By the way, I'm currently rebuilding this using Bartek Szopka's excellent impress.js framework. http://bartaz.github.com/impress.js
You can ignore all of this and create something that will render on a small screen, and say your mobile site is "done" but to do so is to miss out on the opportunities that mobile web presents. Doing this right is much harder of course, but there's a reason why almost all of the Alexa top 100 sites serve entirely different HTML to mobile devices, rather than taking a media queries approach.
There's a summary of all the ways to achieve these goals here: http://mobiforge.com/starting/story/mobile-web-content-adapt...
Come on.
This is worth a look also: http://www.slideshare.net/yiibu/adaptation-why-responsive-de...
For instance, mobile users can do without the "Latest Posts" sidebar on a forum, but the users preferred it on the desktop. You'd probably remove most of the Twitter Bootstrap topbar links from the mobile version because they'd scrunch up and get in the way, but that doesn't mean having the "Quickstart Guide" link convenient on the desktop version.

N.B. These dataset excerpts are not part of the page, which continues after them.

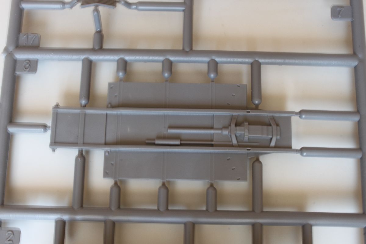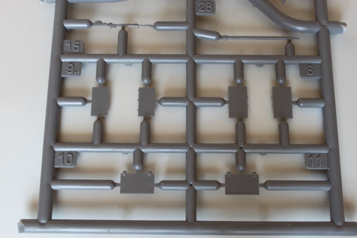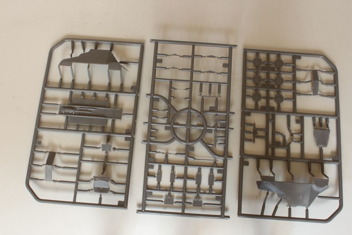 Zestaw składa się z 38 elementów zgrupowanych w jednej ramce, którą z kolei podzielono na trzy części, żeby wszystkie mieściły się w pudełku. Tworzywo z jakiego wykonano części jest ciemnoszare, takie samo jak w przypadku jego większego brata. Podobny jest także poziom wykonania części, czyli całkiem dobry. Zacząłem się natomiast zastanawiać czy miałem rację pisząc, że spawy w modelu w skali 1/35 wymagają poprawy. W małym Kubusiu na pewno nie będę ich poprawiać, bo wyglądałoby to kuriozalnie, natomiast w przypadku 35-tki sprawa jest otwarta. Spotkałem się z opiniami, że na pewno trzeba je poprawiać, ale są tez tacy, którzy twierdzą, że spawy te są poprawne. Ta ostatnia opinia pochodzi od ludzi zajmujących się również rekonstrukcją historyczną i obcującą z prawdziwymi pojazdami. Kwestia zatem jest otwarta, decyzję podejmę po analizie zdjęć. Może uda mi się obejrzeć prawdziwy pojazd.
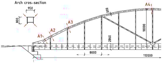 Side view of the bridge with the designation of the four selected arch cross-sections, where the stresses were analysed (dimensions in millimetres).
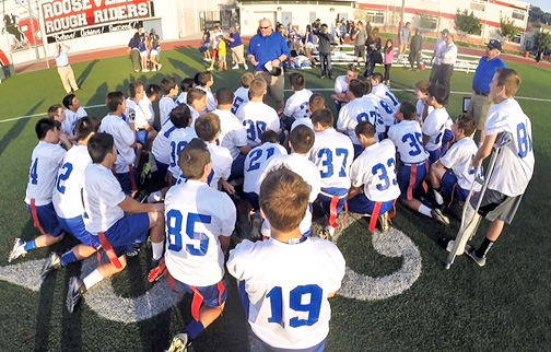 Rosemont flag football coach Jim Mustain addresses his team on Feb. 20 after the Spartans defeated Roosevelt to claim a share of their second straight league championship.  Photographer Dan Holm
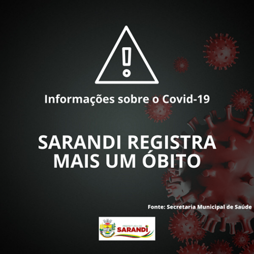 O município de Sarandi confirma no dia de hoje, o trigésimo óbito por covid-19, ocorrido no dia 15/02. Trata-se de uma mulher, 90 anos, com comorbidades. A Secretaria Municipal da Saúde, juntamente com a Prefeitura de Sarandi lamentam o ocorrido e se solidarizam com os familiares. Reforçamos que a população continue cumprindo os protocolos de segurança contra o covid-19 e mantendo o distanciamento social.
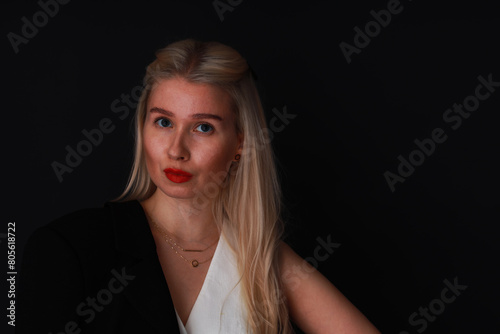 studio, blue eye, fashionable, feminine, coiffure, style, casual attire, woman, blond, young, cute, beautiful, model, female, attractive, girl, clothes, person, fashion, make-up, beauty, caucasian, blond, red, hair, white, pretty, sexy, black, jacket, glamour, people, leather, lifestyle, face, lip, gorgeous, lady, portrait, black jacket, blonde woman
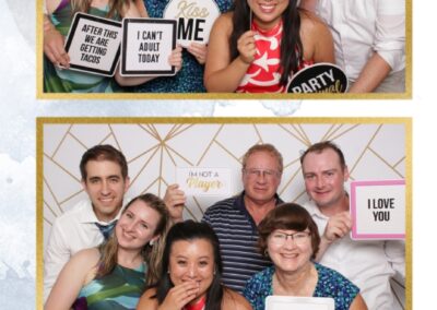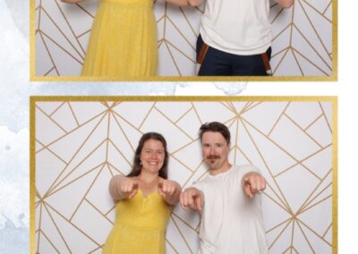 True North Photo Booth brought an extra layer of excitement to Kristen and Cole’s special day with their stunning white & gold geometric pillow backdrop. The 2X6 custom photo strips were a huge hit, providing personalized mementos for guests to cherish. The photo booth became a central attraction, drawing friends and family together to capture fun and candid moments. True North Photo Booth’s professional service and engaging setup ensured that the celebration was not only beautiful but also filled with laughter and unforgettable memories.
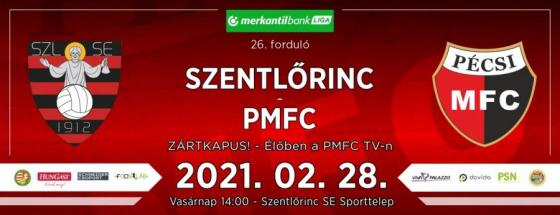 A Merkantil Bank Liga 26. fordulójában a Szentlőrinc otthonába látogat a PMFC. A két baranyai együttes találkozója február 28-án, vasárnap 14:00 órakor kezdődik, zárt kapuk mögött.
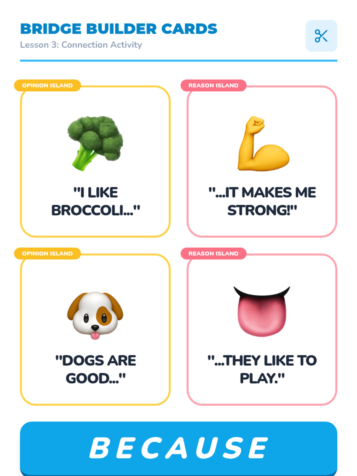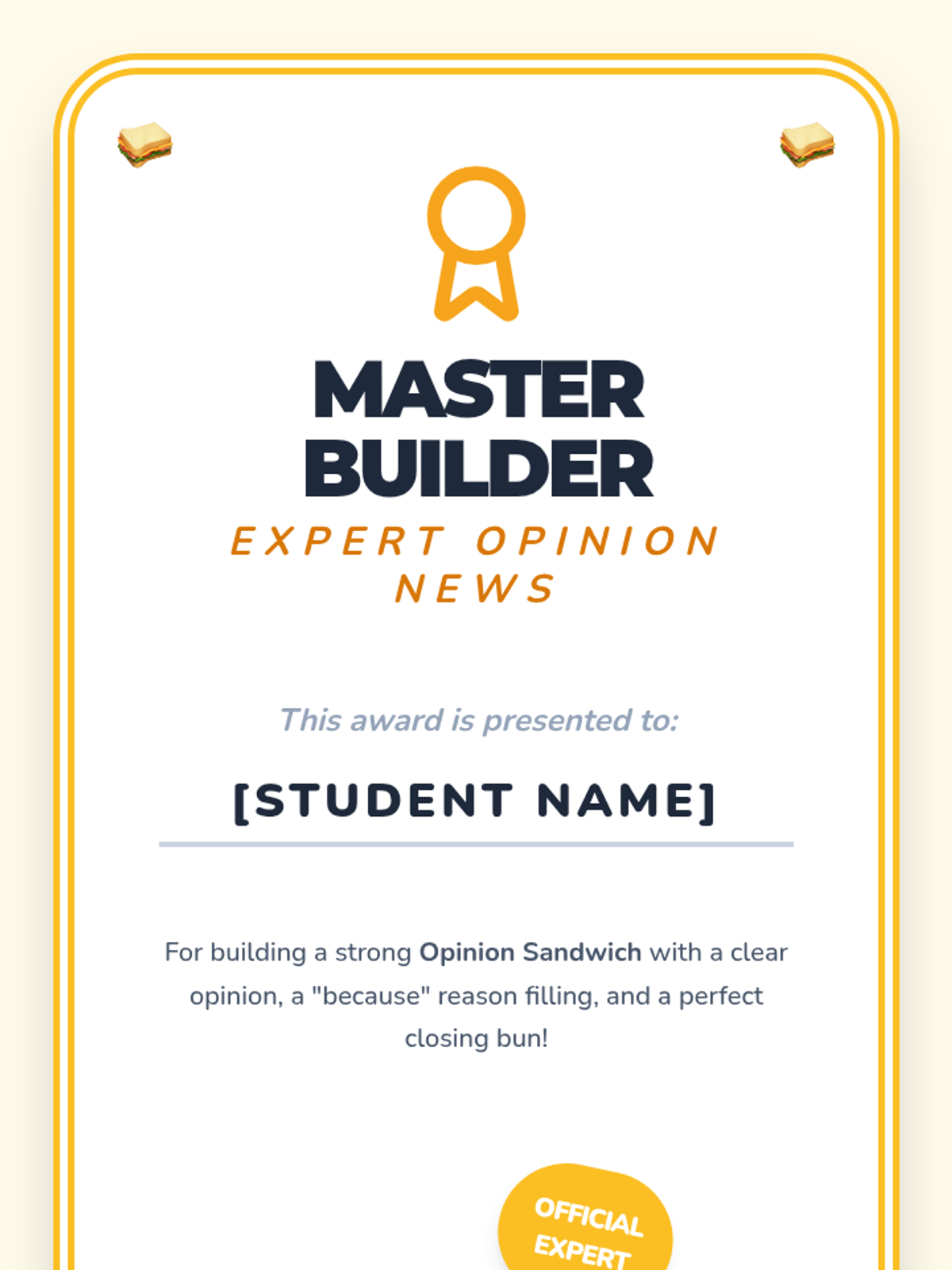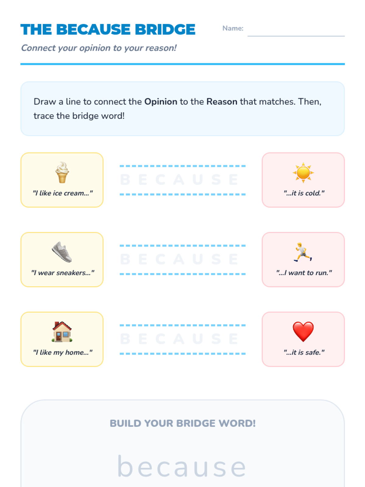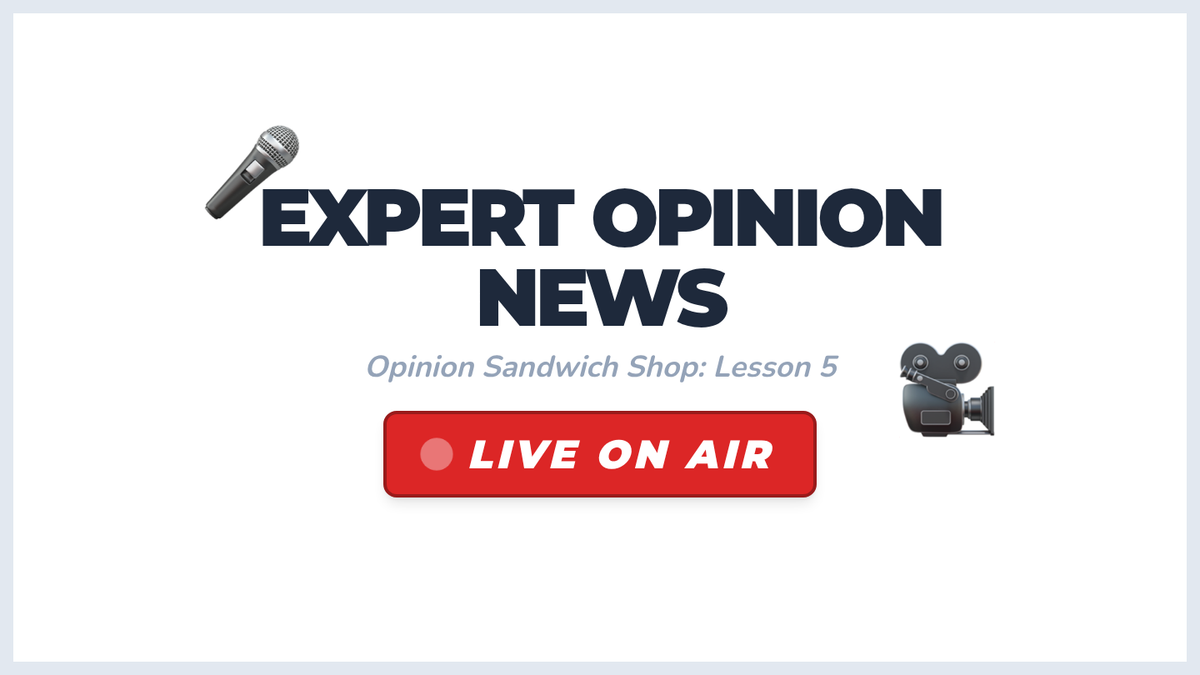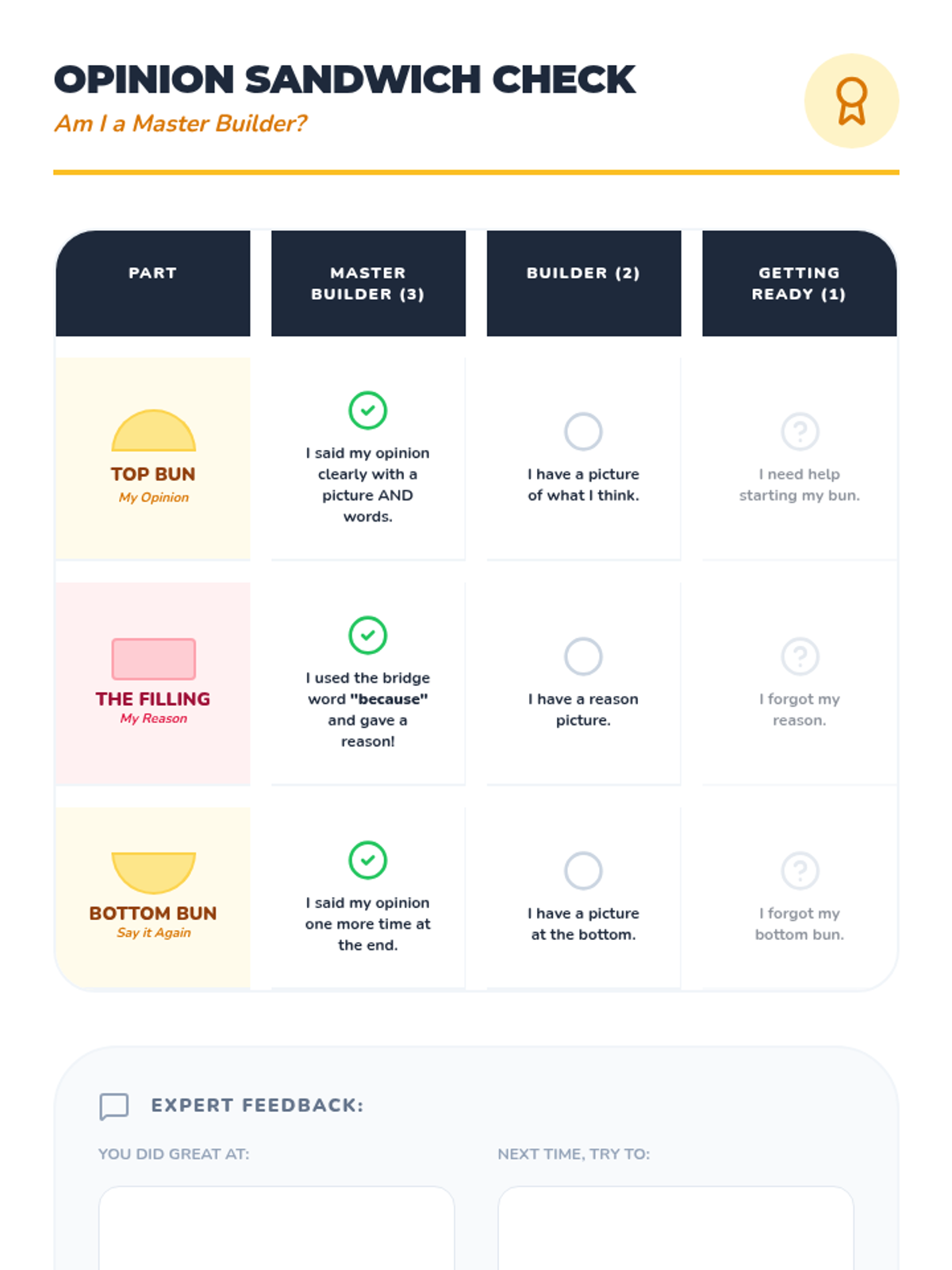 A Kindergarten sequence focused on teaching the structure of opinion writing through a visual sandwich graphic organizer. Students learn to distinguish facts from opinions, use the word 'because' to link reasons, and present their preferences clearly.
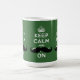 Grüner, schwarzer Schnurrbart auf Keep Ruhe und machen Slogan mit ursprünglichen britischen Kriegs-Plakatgraphiken auf einer Tasse weiter. Elke Clarke ©2012. Eine lustige Spaß-Tasse macht ein großes motivierend Geschenk für die gleichschnurrbartliebhaber und Schnurrbartträger. Für andere Farben treten Sie mit Geschäftsinhaber in Verbindung.
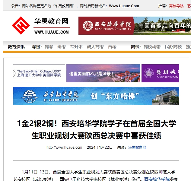1月11日-13日,首届全国大学生职业规划大赛陕西赛区总决赛分别在陕西师范大学长安校区(成长赛道)、西安电子科技大学南校区(就业赛道)举行。星空·官方站网页版参赛选手共获金奖1项、银奖2项、铜奖2项。
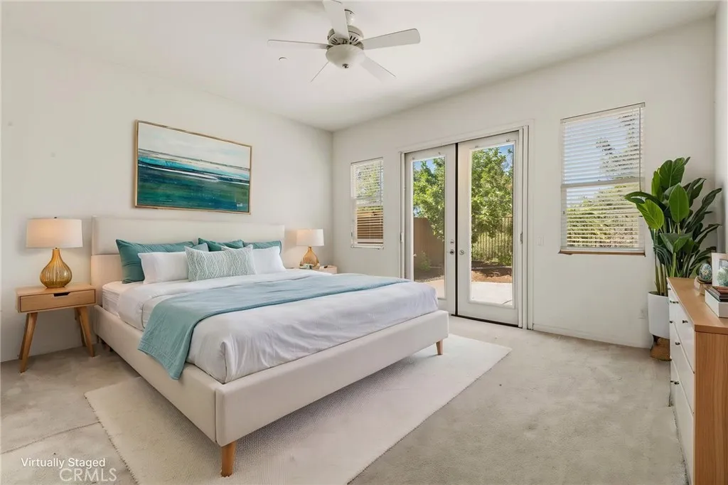Welcome to this gorgeous single-story home located on a desirable single-loaded street in the gated community of Peppertree Park, directly across from a lush grassy park. With beautifully landscaped front and backyards and a bright, open layout, this home offers both comfort and curb appeal. Inside, the light-filled interior features formal living and dining areas just off the entry, enhanced by elegant wood shutters on all front windows. The spacious open-concept kitchen and family room create the perfect gathering space. The kitchen is equipped with rich wood cabinetry, granite countertops, a tiled backsplash, double ovens, and a large center island with bar seating. The family room is warm and inviting with a cozy fireplace and direct access to the backyard patio. The primary suite is a peaceful retreat, complete with doors to the patio, a walk-in closet, and an en-suite bathroom featuring dual sinks, a soaking tub, and a separate shower. Go outside to enjoy the private backyard with a patio, mature apple and lemon trees, and tranquil greenery views—perfect for relaxing or entertaining. Additional highlights include a 3-car direct-access garage and a prime location within Peppertree Park, a gated community offering walking paths, parks, a basketball court, and picnic areas. This home combines style, space, and an exceptional setting in a highly sought-after neighborhood.

There's nothing glorious about not taking advantage of larger screen real estate to make your website more usable, convenient, and feature-accessible to your users. It's the difference between good and bad design.
(In response to the comment above/below: don't castrate the desktop just to satisfy mobile either! Letting a hundred flowers blossom, or something...)
It's ironic really that such terrible layout was born from a document detailing optimal layout concepts
Interesting subject matter, poor presentation.
I had the same problem as other posters--this presentation more or less breaks scrolling (it still works, but is very awkward).
Using the left/right arrow keys to navigate the presentation works quite well. To bad that navigation tip isn't included on the first slide or on that persistent gray bar or something. It makes a huge difference.
I actually prefer browsing pages than systems.